MICHAEL ALLEN: Yes, data from the hospitality industry shows that women are significantly underrepresented in investment finance, real estate and hotel ownership roles. And this program, Women Own the Room, is the first-ever program from a major hospitality company specifically targeting the advancement of women in hotel ownership. We are so proud of the program. It is designed to advance and empower female entrepreneurs to break into what has historically been a male-dominated space.
RACHELLE AKUFFO: And so, in terms of the benefits this has for the industry as a whole, a lot of people might ask, why does this matter? What answer would you give them?
MICHAEL ALLEN: I would say research by the Castile Project shows that for every 9.2 men entering the field, we only see one woman entering the field. So there is still a big gap.
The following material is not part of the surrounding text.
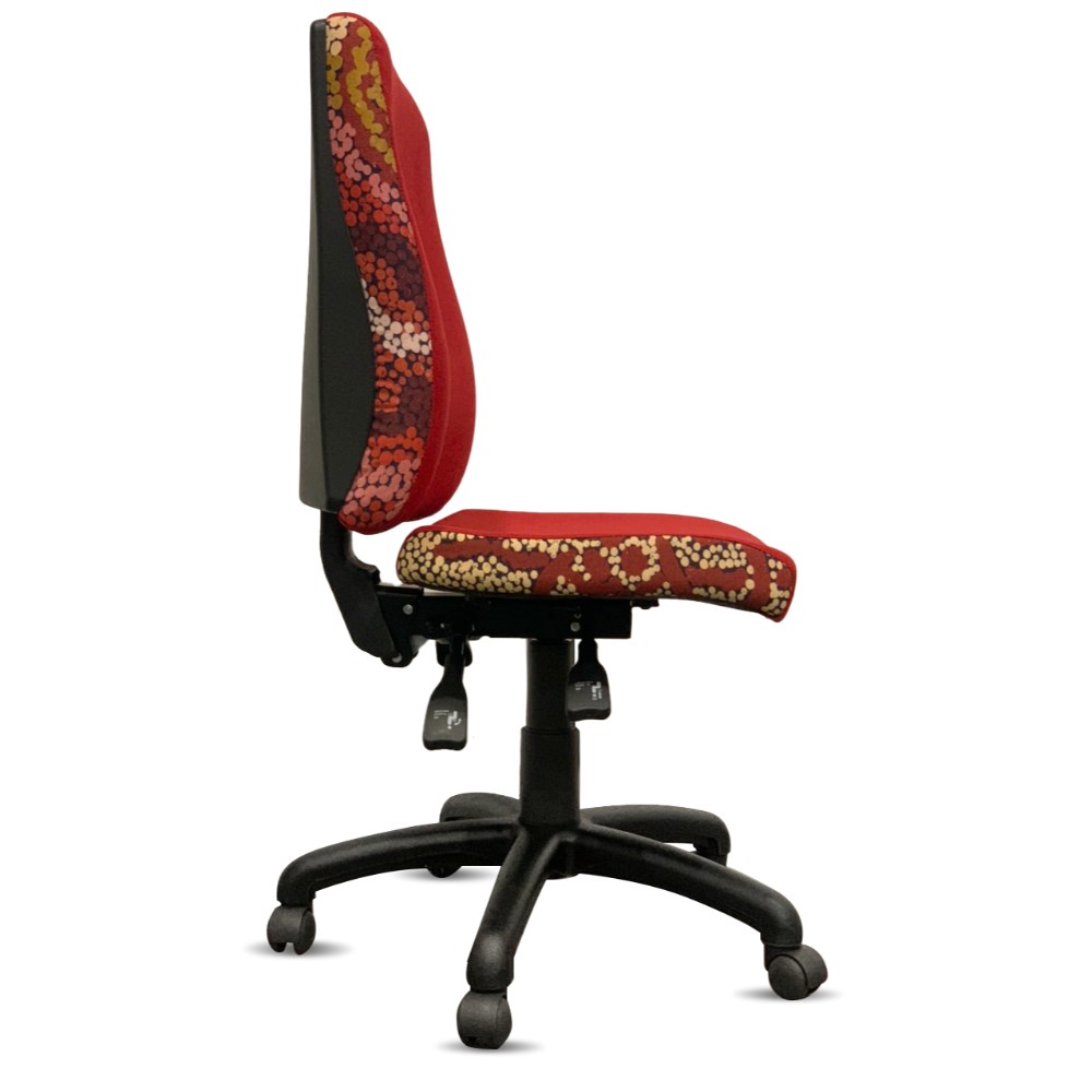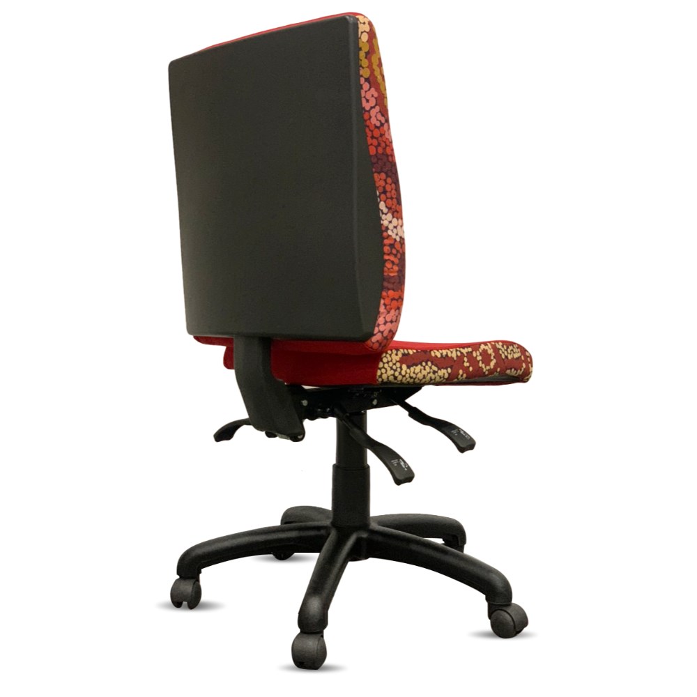 A unique commercial fabrics designed by Damien and Yilpi Marks (Indigenous artists) combined with K2 Red Ochre Fabric to upholster the chair.

And this program aims to close that gap by helping women overcome common barriers they face in hotel development, and then helping them open and effectively manage their properties.
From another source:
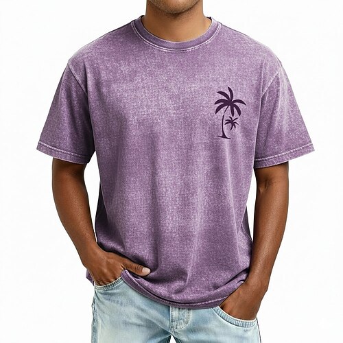 Per uomo Palma di Cocco Maglietta Manica Corta maglietta Lavaggio acido Girocollo Camicia Vintage Retrò Casuale Spiaggia Viaggio Blu Viola Grigio Estate Primavera Abbigliamento M L XL 2XL 3XL

RACHELLE AKUFFO: And then, in terms of the kind of results you’ve seen from this program, what kind of progress have you seen from some of these franchisees and people who have gone through the program?
MICHAEL ALLEN: Yes, so we are seeing significant interest in the program. And we have that – we have women-owned hotels open across the country today and dozens under this specific program. If a woman is interested in hotel ownership, we just ask her to pick up the phone and call Wyndham. There are three pillars to our program. There is a financial aspect and an operational aspect, and then a community aspect as well.
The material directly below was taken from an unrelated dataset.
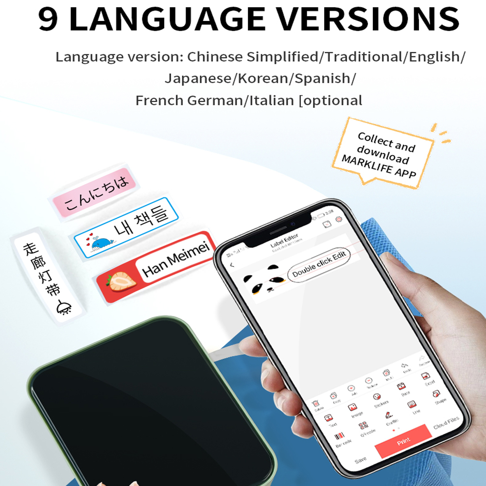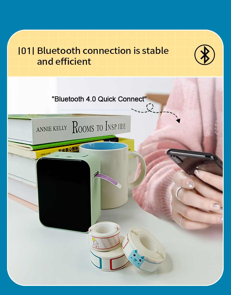 Bluetooth: Беспроводная Печать вашей этикетировочной машины через Bluetooth. Загрузите приложение и отредактируйте его по телефону, вы можете использовать его в офисе, дома или где угодно.

Financially, Wyndham provides comprehensive solutions, including enhanced capital support. We also offer free advice and operational support to maximize revenue at the property level. And then finally, we’re building a community for networking and education, which is really so important in this space. And a lot of that happens today on the golf course, or again, in male-dominated areas.
RACHELLE AKUFFO: So given that now you have this focus – and it actually happened before COVID kicked in across the world. How difficult is this current environment for newcomers to the industry who want to become hotel owners?
MICHAEL ALLEN: Yes, you know, when we talk to our female entrepreneurs, we hear the same stories over and over again. For example, a female owner was asked if her father or husband would join the meeting, despite the fact that she was the sole owner listed on all documents. Another woman asked her bank for a better interest rate and was told that was the best the bank could do, only to have her brother test the bank, reporting the same deal to the same banker with the same pitch deck and leaving with a better rate. So there is certainly still a form of unconscious bias.
RACHELLE AKUFFO: Well, I hope this program will help close that gap. We thank you. Michele Allen, CFO of Wyndham Hotels and Resorts. Thank you.